The world population will increase to more than 9 billion people by 2050.1-2 In this context, changes might occurred at several points of the food supply and value chains, where the sustainable production of raw materials and commodities, waste reduction, adaptation to climate change, and food security are top of the list.1

The use of expressions such as digital disruption or digital food, have been incorporated into the everyday jargon used by the different players participating in the food value chain.3 However, main issues are still being asked such as what does digital disruption or digital food mean in the context of food, health and nutrition? Are digital agriculture and food production systems different from traditional ways of production? Are digital technologies help to produce better foods?

The use of different type of sensors and technologies, GIS, GPS and RFID systems, high throughput techniques, omic approaches (e.g. metabolomics, proteomics, etc.), robotics, precision agriculture and nutrition, big data (BD), and the internet of things (IoT) alone or combined are producing changes in the way that we produce, analyse, measure and monitor different aspects of the food value chain.3-6 Hence, the disruption of these technologies will differentiate sustainable food production systems from the more traditional ones, where data will be used to create knowledge and make decisions to produce healthy and nutritious foods.3,6-7 Consequently, the combination of these disruptive technologies is defining the so-called digital food era.3

The last 30 years have been characterised by an increasing use of a wide variety of sensors and technologies applied to different steps during the production, storage and transport of foods (e.g. omics, new instrumentation, functionality).4-6,8 Maximising the potential of these sensors and technologies, will provide with innovative food production and distribution systems, requiring changes at the different stages of the food supply chain. However, the transfer and uptake of these disruptive technologies across the food industry is happening at a slow pace.3-6,8 Developments in hardware, software, communications and sensors are allowing for improved capabilities to be applied (e.g. real time monitoring of processes and storage conditions of food).3-6,8 Unlike conventional technologies and methods, automated systems can handle a great volume of data.7 However, understanding the complexity and interactions in food properties, composition, and functionality created in these environments, still needs for the development of more efficient sensors and expert systems.7-8 Despite their potential, these technologies will require further research to make them available to the different steps in the food production and supply chains. Furthermore, to support and achieve the requirements in mechanisation, process analytics and automation, developments in portable instrumentation will be also required (e.g. in field analysis, on line monitoring).8 Gathering, integration and analysis of the information generated by the different types of portable and on-site sensing instrumentation are become a reality in the modern food industry.4-6,8

The next steps for the expansion of sensors and technology utilisation by the food industry will be to increase the focus beyond individual devices/sensors into highly connected smart systems, reflecting the highly connected landscape of the food production.3,7 Therefore, the integration of BD and the IoT in the food value chain not only will improve knowledge and decision management systems, but also allow for the creation of new processes and products.3,7,9

Historically, the unintended contamination of food by pathogens, mishandling or during the processing, has been the focus of food safety and security.3-5,10 However, well known food fraud cases (e.g. melamine contamination in milk, horse meat scandal) highlighted that different players can be involved in these issues and disrupt into the food value chain.

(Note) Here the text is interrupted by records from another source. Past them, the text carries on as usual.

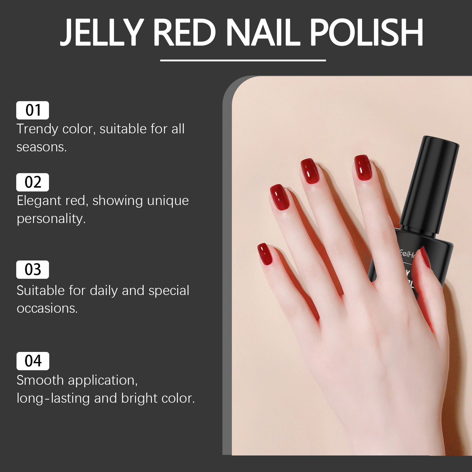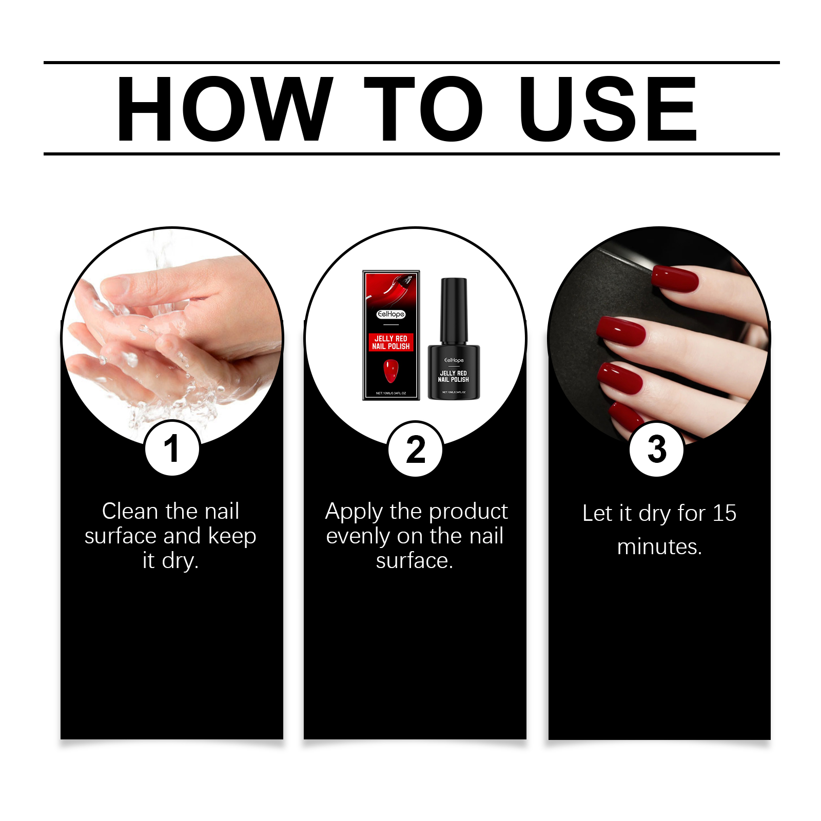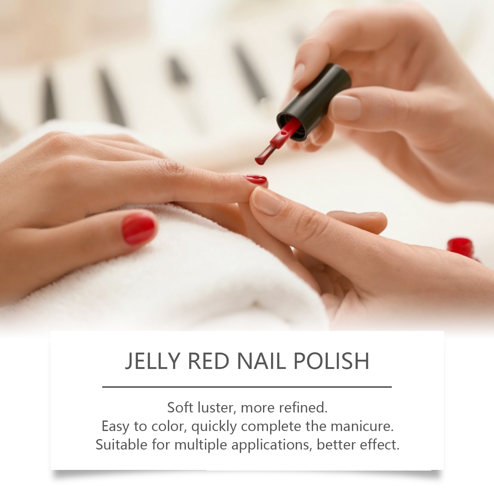 Our red jelly nail polish contains vitamin C (ascorbic acid), vitamin E (tocopherol). It dries quickly and reduces waiting time. Its application is simple: clean the surface of the nail and keep it dry. Apply the product evenly to the nail surface. Let it dry for 15 minutes. And choose high-end shades to make your nails shine.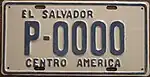 El Salvador requires its residents to register their motor vehicles and display vehicle registration plates.[1] Current plates are North American standard 6 × 12 inches (152 × 300 mm).[2] The new design started its use during 2011. In the background of the plate, you can find the flag of El Salvador. [3]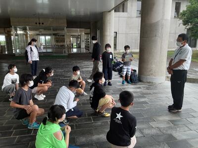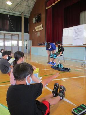 全校一斉に「新体力テスト」を実施しました。まず、体育館に集合して注意事項の確認です。熱中症、新型コロナウィルス感染症に、十分配慮した上での活動です。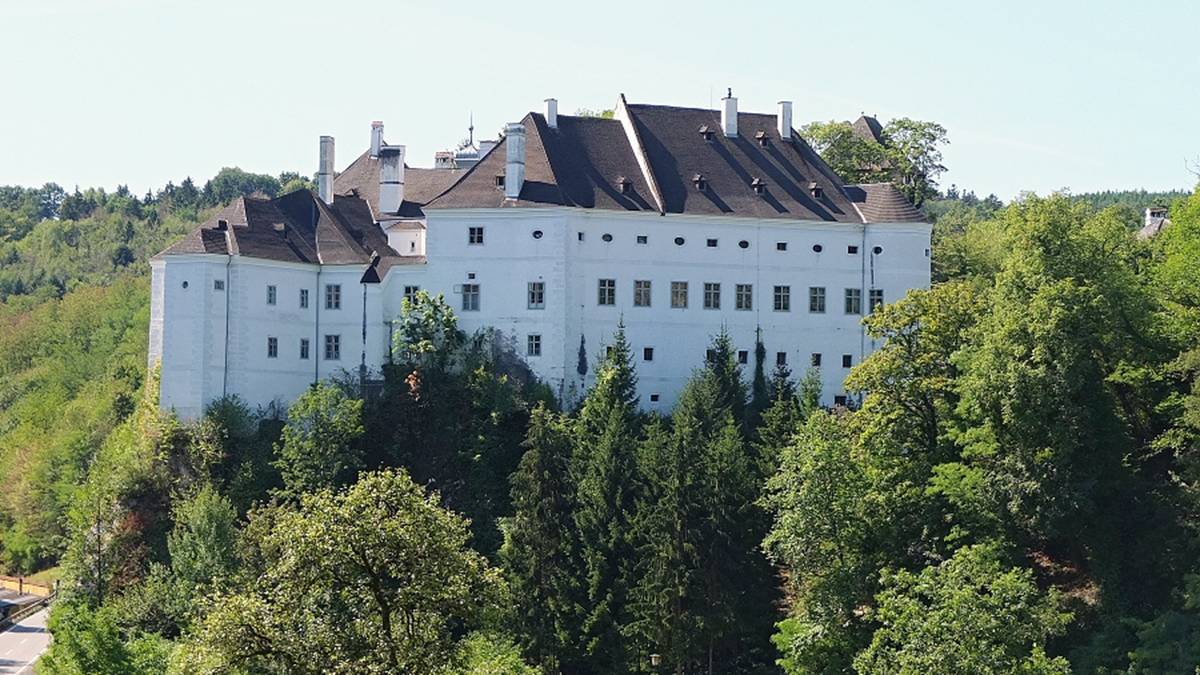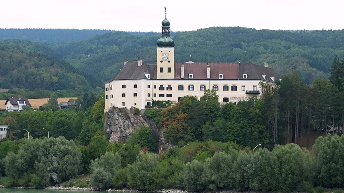 Vom gegenüberliegenden Donauufer präsentiert sich das Schloss Persenbeug

These individuals lack with the knowledge to determine whether their activities will guarantee safety and health issues to consumers.3-5,10 Therefore, issues related with authenticity, fraud and origin of foods are likely to become very important in the incoming years, mostly associated with food security, but having a direct or indirect effect on the nutritional value, functionality, and safety of foods.3-5,10 Nowadays, food retailers are incorporating into their marketing strategies information about the origin and traceability of the food to guarantee appropriate supply and quality standards.10 Considering the mounting social pressures towards the food industry for high-quality products of a known origin (e.g. organic vs conventional production), modern analytics and sensors become essential to assure the origin and traceability of food.10

The incorporation and utilization of different type of instruments, sensors, and technologies in food systems have been started to generate massive information throughout the different steps of the food supply and value chain, where this massive gathering of data has pressed the food sector in the so-called Big Data era.7,11-12 Consequently, the food sector is not isolated to this digital revolution.3,12 The food industry is entering a new era with the exponential growth in the data generated from different disciplines during the production of raw materials and commodities to the consumer.3,12 Questionably, the access to data will change the current status quo in numerous fields by consolidating or combining current analytical and statistical approaches.11-12

Recently, the food industry has been recognised as a data-driven community adding to the global demanding for fully nutritious, sustainable and safe foods is of primordial importance for the modern food industry and to the consumer.9 This great challenge is hindered by growing complexity in the food supply chains, the effect of climate change (e.g. composition of raw materials), growing ageing population, food security and shifting patterns of consumers.9 Due to this complexity, we have a limited understanding and/or ability to rapidly respond to the subtle nuances influencing a production system. With a system of production affected by many external influences, ability to harness rapid and reliable information (through BD) in the context of a production system, will allow for increased understanding and capacity to respond for the benefit of an agro ecosystem. In this context, the use of mathematical modelling and algorithms will add a new dimension to better understand food.9,12

The disruption of technology into the food value chain (BD, IoT, mathematical modelling) is adding a new dimension to the way food is produced, stored and consumed. The integration of technology and mathematics with traditional disciplines will enable for a better understanding of processes, complex relationships related to functionality and composition, of the food produced. These approaches will improve our ability to generate or improve our current knowledge about food nutrition, functionality and safety.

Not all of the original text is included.